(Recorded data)
=== Section Start ===

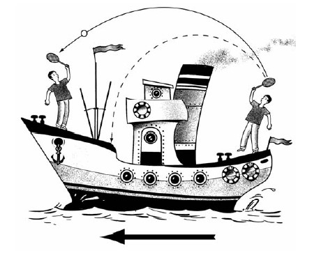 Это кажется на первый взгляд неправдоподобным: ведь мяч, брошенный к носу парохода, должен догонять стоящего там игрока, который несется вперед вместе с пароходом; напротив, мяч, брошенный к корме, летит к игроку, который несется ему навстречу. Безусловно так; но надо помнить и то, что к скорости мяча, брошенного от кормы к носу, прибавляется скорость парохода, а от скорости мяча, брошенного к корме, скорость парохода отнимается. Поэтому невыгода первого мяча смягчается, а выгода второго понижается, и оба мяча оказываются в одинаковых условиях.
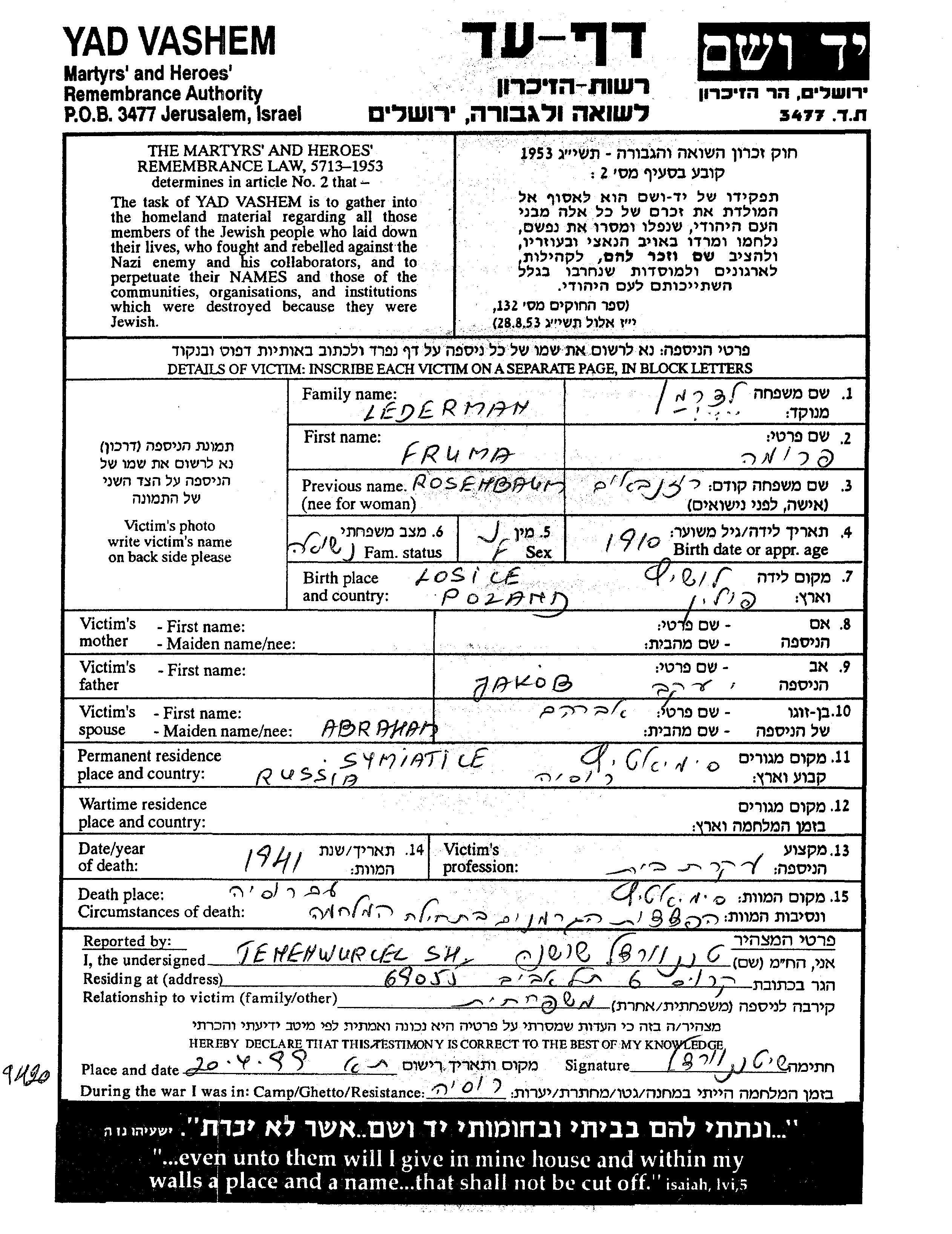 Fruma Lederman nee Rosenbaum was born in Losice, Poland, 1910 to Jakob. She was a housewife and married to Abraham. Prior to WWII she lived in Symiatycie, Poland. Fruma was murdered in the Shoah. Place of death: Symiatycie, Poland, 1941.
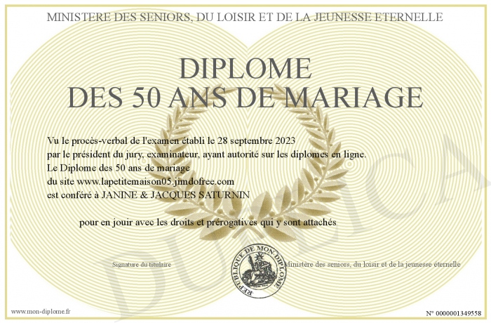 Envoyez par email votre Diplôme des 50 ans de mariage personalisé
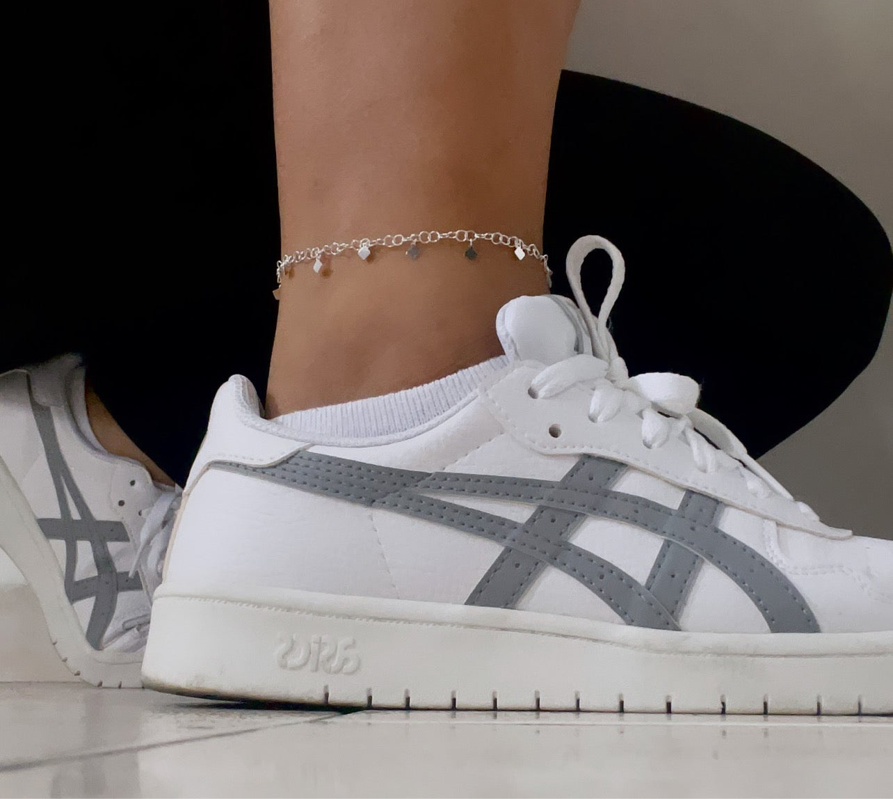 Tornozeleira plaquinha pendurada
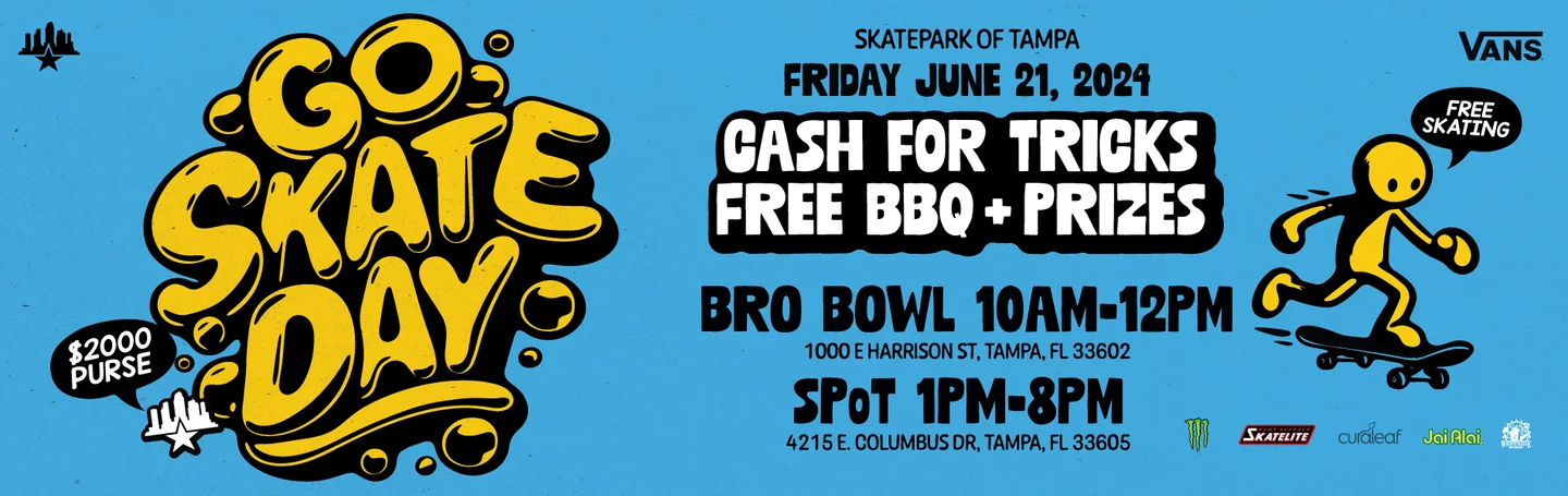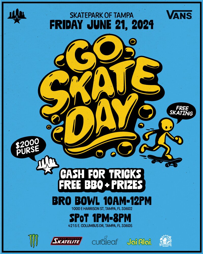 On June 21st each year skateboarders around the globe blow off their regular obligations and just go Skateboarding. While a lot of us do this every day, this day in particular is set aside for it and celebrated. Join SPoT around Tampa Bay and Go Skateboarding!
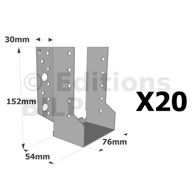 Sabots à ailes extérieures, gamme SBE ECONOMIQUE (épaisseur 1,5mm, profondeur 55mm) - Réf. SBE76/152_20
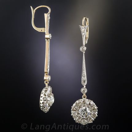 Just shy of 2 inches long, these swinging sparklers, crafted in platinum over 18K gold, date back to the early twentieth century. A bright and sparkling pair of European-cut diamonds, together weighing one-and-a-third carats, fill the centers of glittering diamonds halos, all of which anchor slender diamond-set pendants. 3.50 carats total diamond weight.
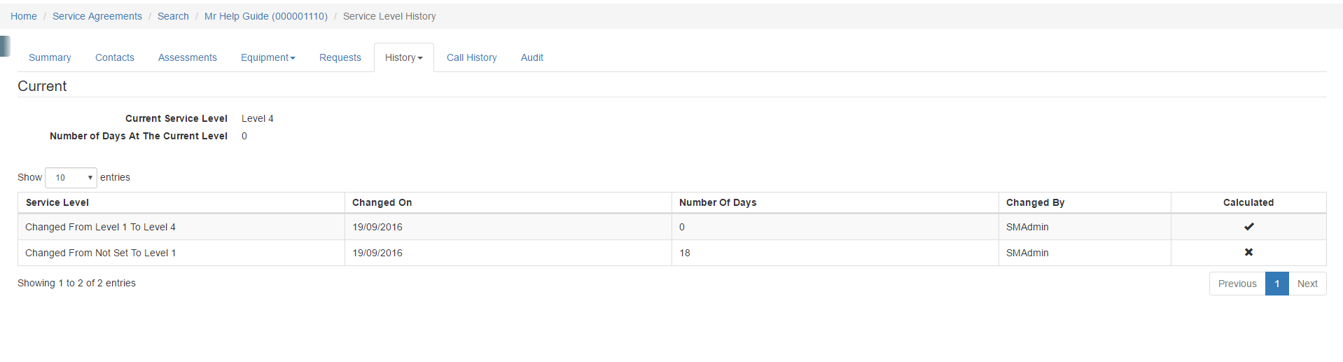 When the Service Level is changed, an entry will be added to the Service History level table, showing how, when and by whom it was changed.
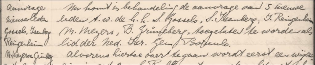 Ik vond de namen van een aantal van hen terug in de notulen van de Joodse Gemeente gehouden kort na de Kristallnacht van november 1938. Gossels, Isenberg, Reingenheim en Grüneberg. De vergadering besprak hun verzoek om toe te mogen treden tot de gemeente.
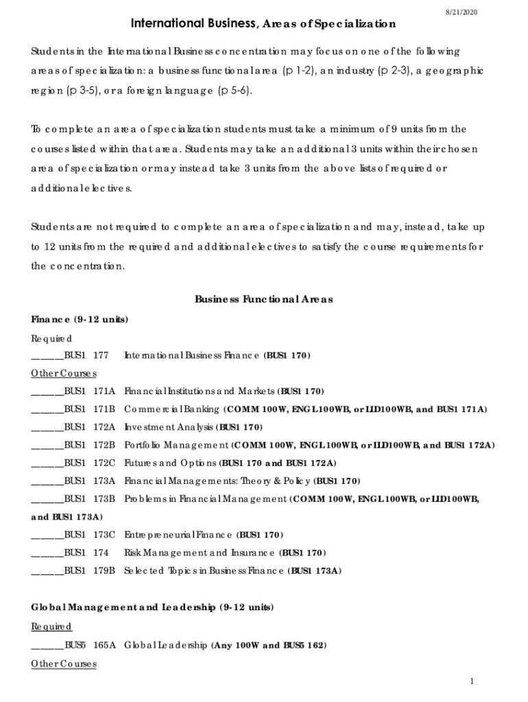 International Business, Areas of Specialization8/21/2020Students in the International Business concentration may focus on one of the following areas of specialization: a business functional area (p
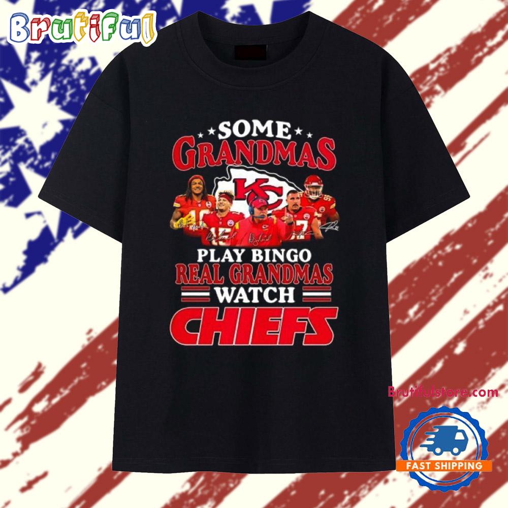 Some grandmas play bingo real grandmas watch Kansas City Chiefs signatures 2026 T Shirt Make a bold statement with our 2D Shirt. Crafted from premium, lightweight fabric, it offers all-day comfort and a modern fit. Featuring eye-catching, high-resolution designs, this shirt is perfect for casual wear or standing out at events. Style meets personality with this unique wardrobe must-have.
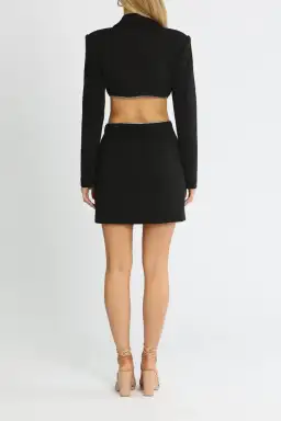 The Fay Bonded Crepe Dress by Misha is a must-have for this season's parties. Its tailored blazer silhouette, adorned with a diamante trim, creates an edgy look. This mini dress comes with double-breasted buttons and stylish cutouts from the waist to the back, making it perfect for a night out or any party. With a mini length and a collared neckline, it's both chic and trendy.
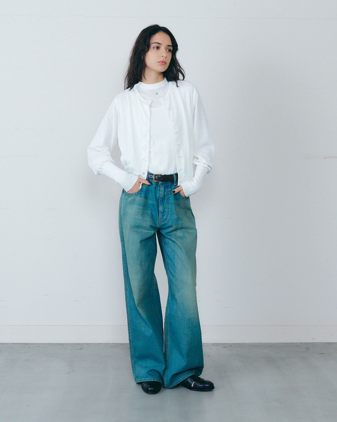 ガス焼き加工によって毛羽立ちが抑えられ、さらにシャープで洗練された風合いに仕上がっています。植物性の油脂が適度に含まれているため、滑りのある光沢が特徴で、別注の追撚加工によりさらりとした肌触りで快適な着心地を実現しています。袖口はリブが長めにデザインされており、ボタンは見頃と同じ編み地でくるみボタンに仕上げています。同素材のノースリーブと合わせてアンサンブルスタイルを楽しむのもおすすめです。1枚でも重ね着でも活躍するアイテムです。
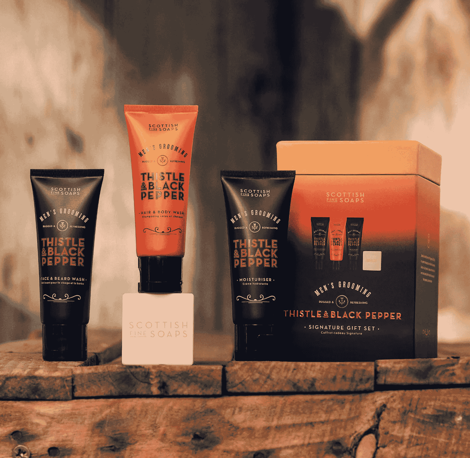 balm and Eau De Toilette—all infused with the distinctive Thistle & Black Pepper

=== Section End ===

Exercise brief: Lines wanted from the entries above: the one with "Some grandmas play", the one with "The Fay Bonded", and all lines between. Please copy them exactly, without the pictures and without anything else.

Task output:
 Some grandmas play bingo real grandmas watch Kansas City Chiefs signatures 2026 T Shirt Make a bold statement with our 2D Shirt. Crafted from premium, lightweight fabric, it offers all-day comfort and a modern fit. Featuring eye-catching, high-resolution designs, this shirt is perfect for casual wear or standing out at events. Style meets personality with this unique wardrobe must-have.
 The Fay Bonded Crepe Dress by Misha is a must-have for this season's parties. Its tailored blazer silhouette, adorned with a diamante trim, creates an edgy look. This mini dress comes with double-breasted buttons and stylish cutouts from the waist to the back, making it perfect for a night out or any party. With a mini length and a collared neckline, it's both chic and trendy.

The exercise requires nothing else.